Le père de la victime, Éric Boudreault, a décidé de déposer une demande de révision auprès du comité de déontologie policière après que sa plainte déposée au Commissaire eut été rejetée le 28 février dernier. M. Boudreault visait dans sa plainte cinq policiers pour avoir « fait défaut de protéger sa fille malgré les différents signes ». Il visait les quatre agents qui étaient intervenus au dépanneur où travaillait Daphné Huard-Boudreault, le matin du drame, en plus de viser l’agente qui a accueilli la jeune femme au poste.
Rappelons que Daphné Huard-Boudreault a quitté le poste sur l’heure du midi pour aller chercher ses effets personnels dans l’appartement qu’elle partageait avec Pratte-Lops sur la rue Forest, à Mont-Saint-Hilaire. L’agente a insisté pour accompagner la victime, même si cette dernière ne voulait pas déranger la policière. Daphné a quitté le poste par la porte avant et la policière par la porte arrière. Daphné est arrivée chez elle quelques minutes avant la policière, qui est arrivée après le drame.
Un sujet clos, un autre à revoir
Le juge administratif Pierre Gagné maintient la décision du commissaire concernant les événements liés au dépanneur comme quoi les policiers n’avaient pas commis de manquement à leur travail. Il a demandé toutefois au Commissaire de poursuivre son enquête sur la visite de Daphné Huard-Boudreault au poste de police, et ce, dans un délai de 30 jours. « Il se peut que le délai imposé ne puisse pas être respecté en raison de la situation actuelle de la COVID-19. À la suite de son enquête, le Commissaire devra à nouveau rendre une décision. Si cette dernière ne satisfait pas M. Boudreault, il pourra toujours faire une autre demande de révision », explique la porte-parole du comité de déontologie policière.
Matière à arrestation?
Le comité veut savoir si un policier aurait dû procéder immédiatement à l’arrestation de Pratte-Lops avec les informations qu’il avait en main, et ce, même si la jeune femme ne voulait pas porter plainte.
En effet, Daphné Huard-Boudreault était venue au poste pour récupérer son mot de passe de son compte Facebook qui avait été trafiqué par son ex-petit ami. Ce dernier avait aussi volé son téléphone cellulaire et avait publié des messages concernant la jeune femme. Selon le juge administratif, ces faits permettaient aux policiers de conclure que Pratte-Lops harcelait la victime.
Pour appuyer sa décision, Pierre Gagné cite une directive policière qui explique notamment que la violence conjugale se manifeste par du harcèlement et que les forces de l’ordre doivent enquêter indépendamment de la volonté de la victime de porter plainte ou non.

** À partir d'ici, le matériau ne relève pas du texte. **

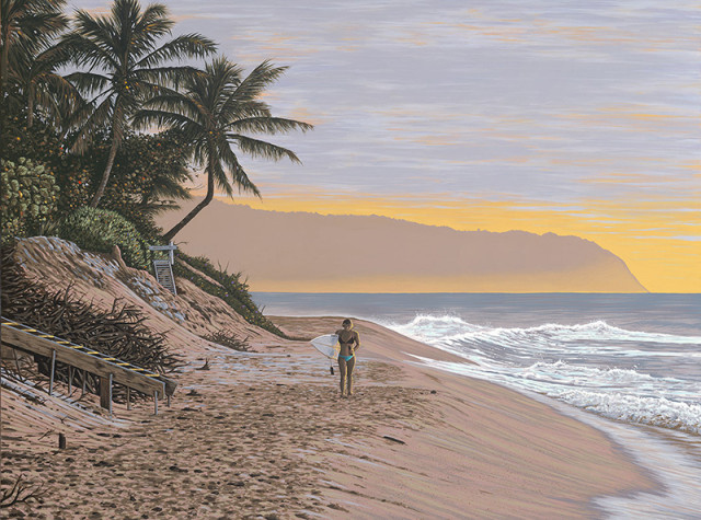 A surfer walks along Sunset Beach on the North Shore of Oahu, Hawaii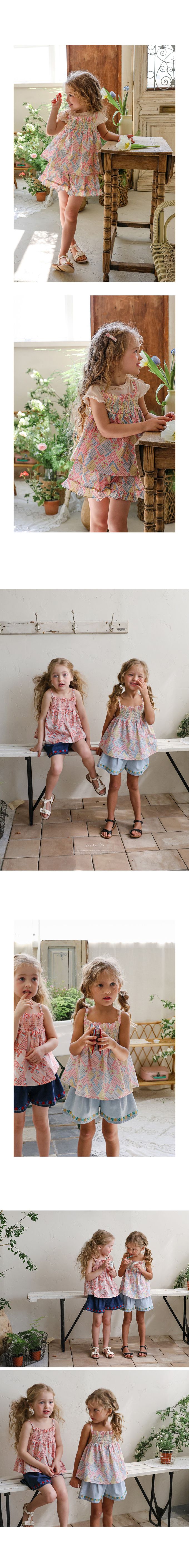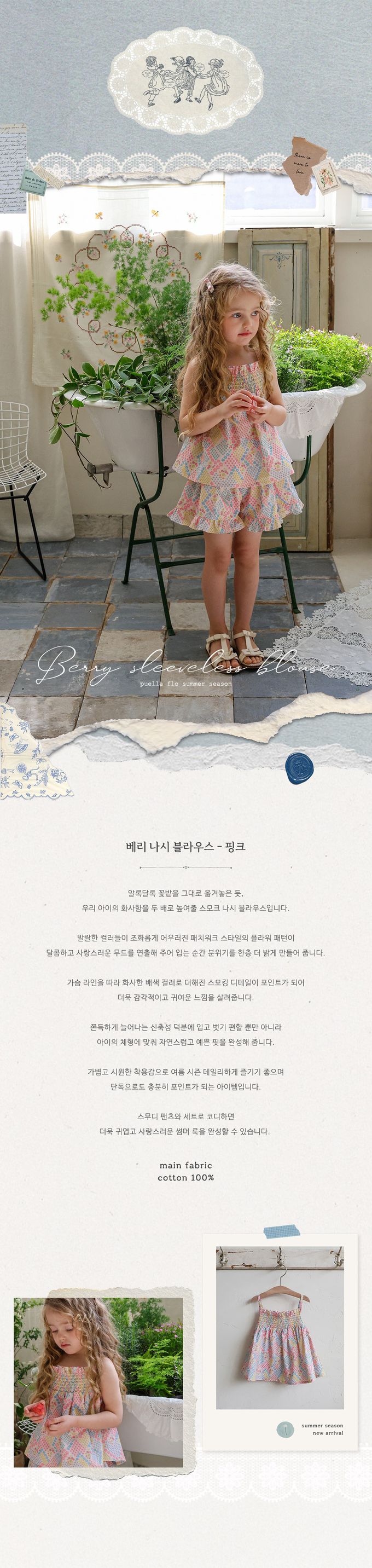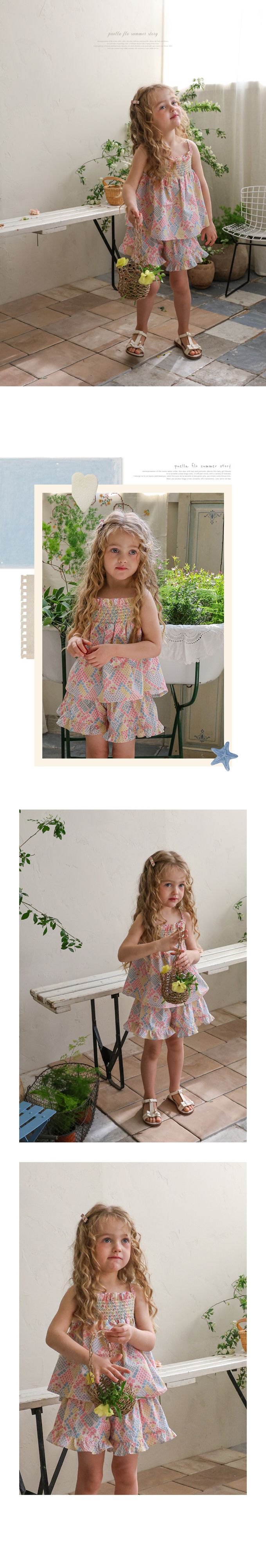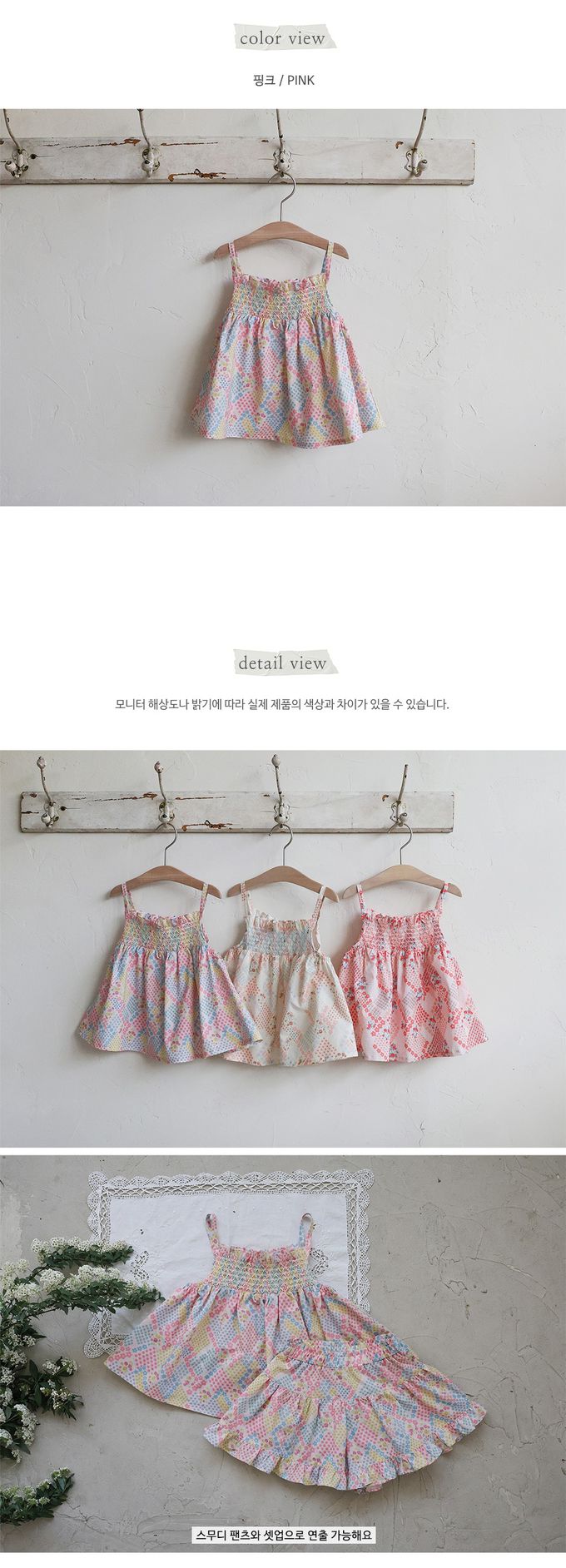 韓國南大門童裝 - Puellaflo 繽紛花漾細肩帶背心上衣-桃粉

Des intervenants pour appuyer les policiers
Éric Boudreault a accepté de commenter ce dernier développement, lui qui est convaincu que Daphné n’a pas été protégée lors de l’intervention au dépanneur ainsi qu’au poste de police. « Les policiers savaient que Pratte l’avait volée, séquestrée dans sa voiture, intimidée devant les policiers qui l’ont même laissé entrer dans le dépanneur pour intimider ma fille pendant que les policiers lui demandaient si elle voulait porter plainte. »
Le père de la victime ne ménage aucun effort pour faire changer des choses. Il a témoigné en mars dernier devant le comité d’experts sur l’accompagnement des victimes d’agressions sexuelles et de violence conjugale. Il souhaite que la formation des policiers soit revue et que, dorénavant, des intervenants sociaux soient présents avec les policiers lors d’une intervention.
M. Boudreault a été accompagné notamment dans sa demande de révision par l’Association des familles de personnes disparues du Québec (AFPAD) et de sa directrice générale, Nancy Roy. « Tant que personne ne se sera tenu imputable, nous continuons la bataille, ajoute Mme Roy. Il y aura aussi d’autres démarches entreprises dans le dossier de Daphné Huard-Boudreault auprès de la Commission des droits de la personne. »
De son côté, la Régie intermunicipale de police Richelieu–Saint-Laurent s’est abstenue de tout commentaire.
Rappelons qu’au printemps 2019, le Directeur des poursuites criminelles et pénales avait décidé de ne pas déposer d’accusations criminelles contre les policiers. Quelques semaines plus tard, au lieu de subir un procès, Pratte-Lops avait accepté de plaider coupable de meurtre non prémédité. Il a eu une peine d’emprisonnement à vie avec une possibilité de libération conditionnelle après 18 ans de détention.